Looks a bit blackened but I assure you, that was the best bit!!!

And you simply pull it apart. The meat is beautifully cooked and soft, there is no connective tissue left in the meat at all and it comes completely cleanly off the bone.

So what would you serve with pulled pork Boston butts? Well, as I mentioned, the food from the garden is being harvested and I had all the ingredients for a coleslaw. Some of the carrots were a bit small… but never mind.

I am extremely proud of my cabbage that I hand reared from seed. It was absolutely perfect but that was purely down to beginners luck, no skill involved at all!  🙂  Of course you don’t have to grow your own cabbage and supermarket cabbages are perfectly all right, but growing your own is just a fantastic way to show off… you

I am a bit precious about the order to do the vegetables in, as I don’t like two things about some coleslaws – too much onion or pieces of apple that have gone brown! Yuk! This method should avoid both.

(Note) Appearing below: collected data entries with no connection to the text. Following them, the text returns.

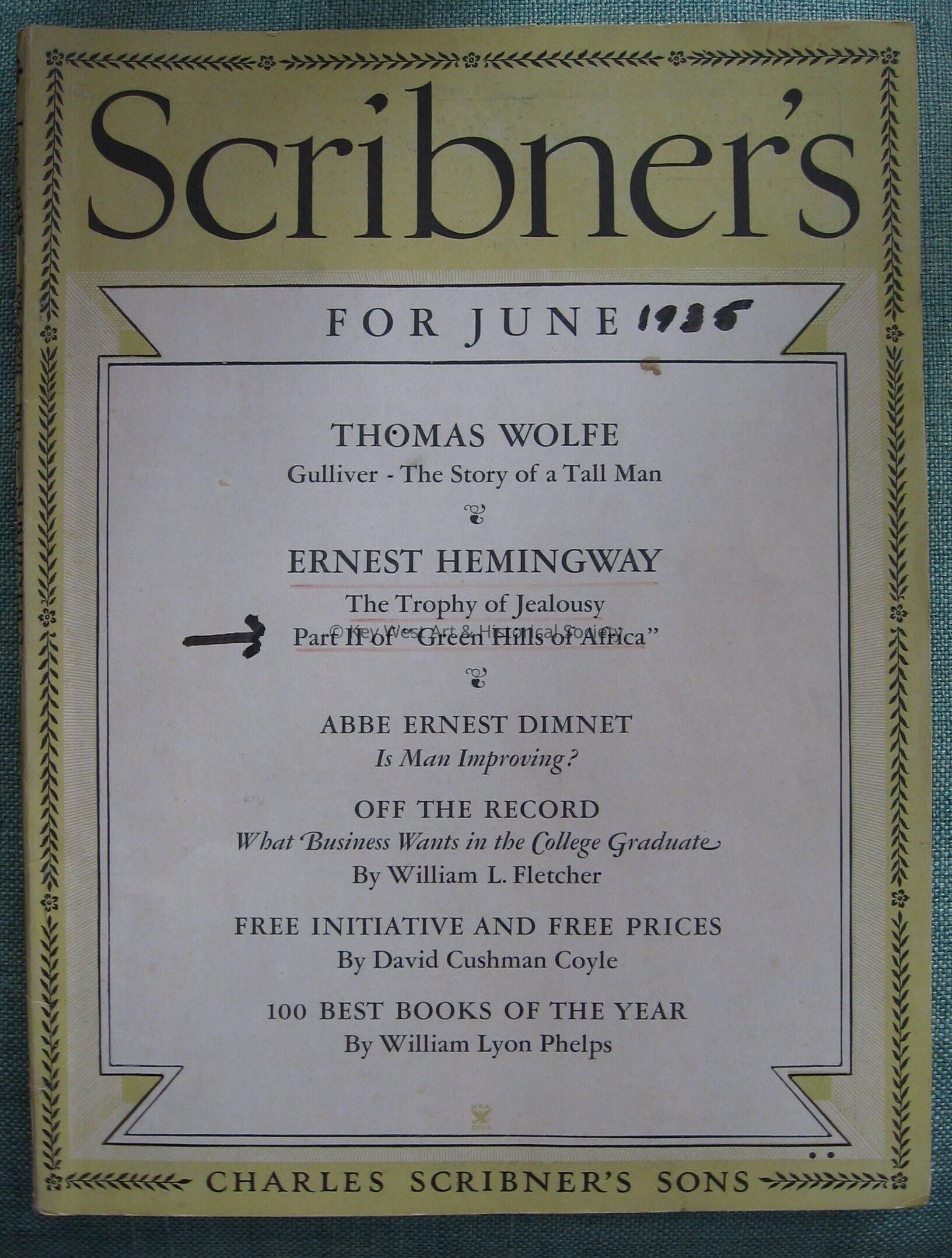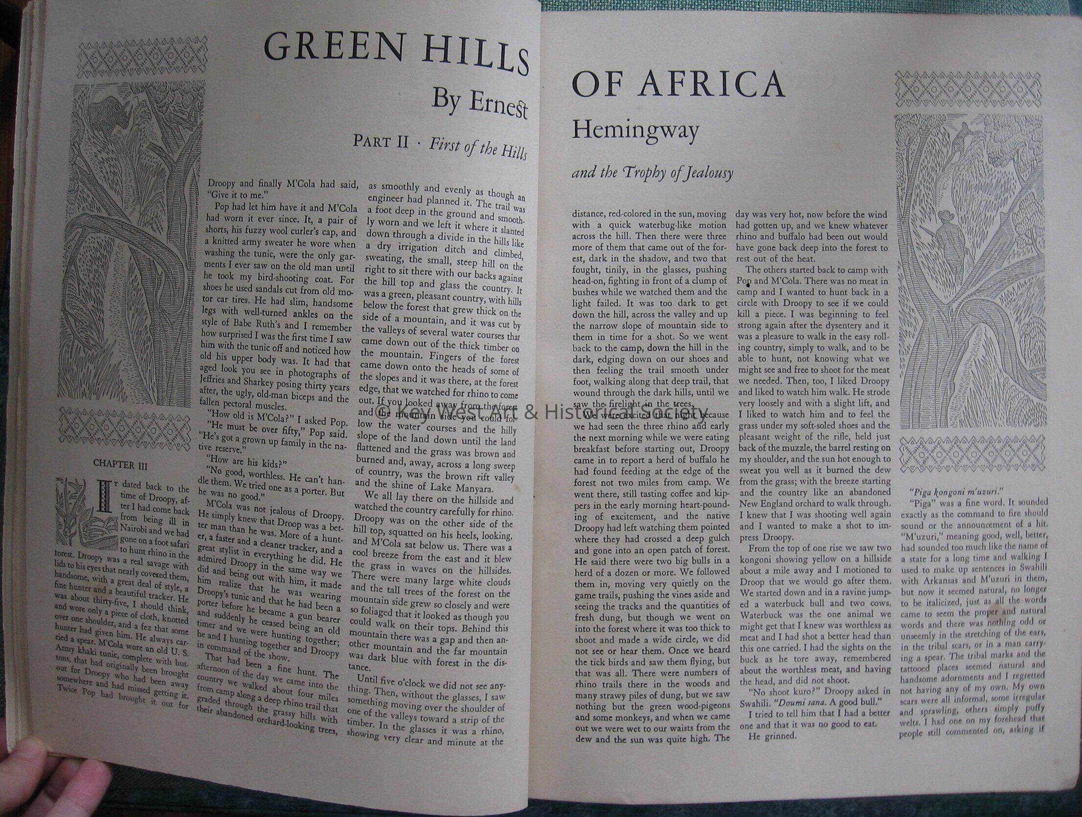 June 1935 issue of Scribner's Magazine with the story 'Green Hills of Africa Part II First of the hills and the Trophy of Jealousy' by Ernest Hemingway. Pages 334-344.
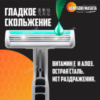 Kamisori Masuta Бритвенный станок одноразовый 3 лезвия 1 шт является качественным и безопасным бритвенным станком. Произведен с использованием инновационных методов, разработок и современного оборудования. Технология покрытия лезвия, использование в составах тефлона и хрома позволяет использовать каждый станок не переживая за качество бритья. Качественное тефлоновое покрытие и специальная смазывающая полоска с алоэ и витамином Е обеспечивает безопасность и легкое скольжение бритвы по коже. Эргономичность ручки в сочетании с правильным углом наклона обеспечивает комфорт в использовании бритвенного станка.
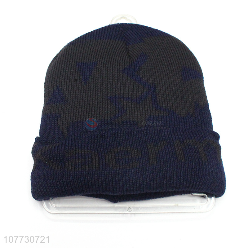 Promotional men outdoor jacquard knitting hat fleece lining beanie cap
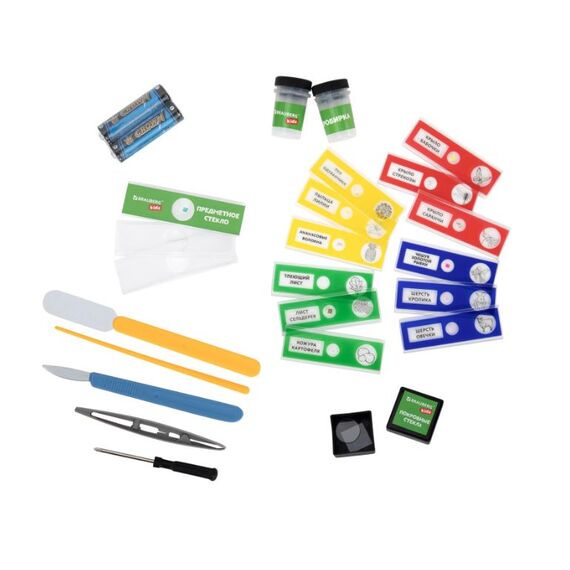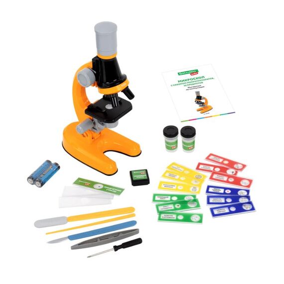 Встроенная LED-подсветка (батарейки в комплекте) создаст оптимальное освещение во время наблюдений. Микроскоп укомплектован 30 предметами для экспериментов, в том числе ПОДАРОЧНЫМ набором из 12 микропрепаратов.

For a big bowl of coleslaw I grate half a medium size onion. When I finish crying, I juice half a lemon (not home grown) and mix it into the onion. The lemon juice “cooks” the onion a little and smooths the flavour so it’s less strong and raw tasting. Gentle onion is so much better in my view. Thinly slice half a white cabbage… and leave it on the board.

img_1075-1

Core and small dice some desert apples to add some sweetness…

And mix the apples in to the onion and lemon juice straight away. If you leave them they’ll go brown but the lemon juice will keep them beautiful and for several days.

img_1077-1

Grate the carrots and mix well it the apples and onion…

img_1078-1

Then add the shredded cabbage, handful by handful, mixing as you go to make sure its all incorporated evenly together.

Now here’s the good bit… mayonnaise on its own will swamp the flavour of the vegetables but if you mix it 50:50 with creme fraiche you get a lovely light and creamy dressing that compliments the other flavours, but don’t use too much… its all about your cabbage. I use 2 desert spoons of mayonnaise and 2 of creme fraiche mixed well together for this big bowl.

A beautiful bowl of home grown coleslaw that will stay perfect (no brown apple pieces) if covered in the refrigerator for at least 5 days. Total time to make –  about 5 months  🙂

Two butts was far too much for four people by the way… we barely ate one!! Which was good news as I took the rest for my lunch all week. With coleslaw!

And a dash of homemade chilli sauce from the excess of chillies, peppers and tomatoes that have been just perfect this year!

I love this time of year, don’t you?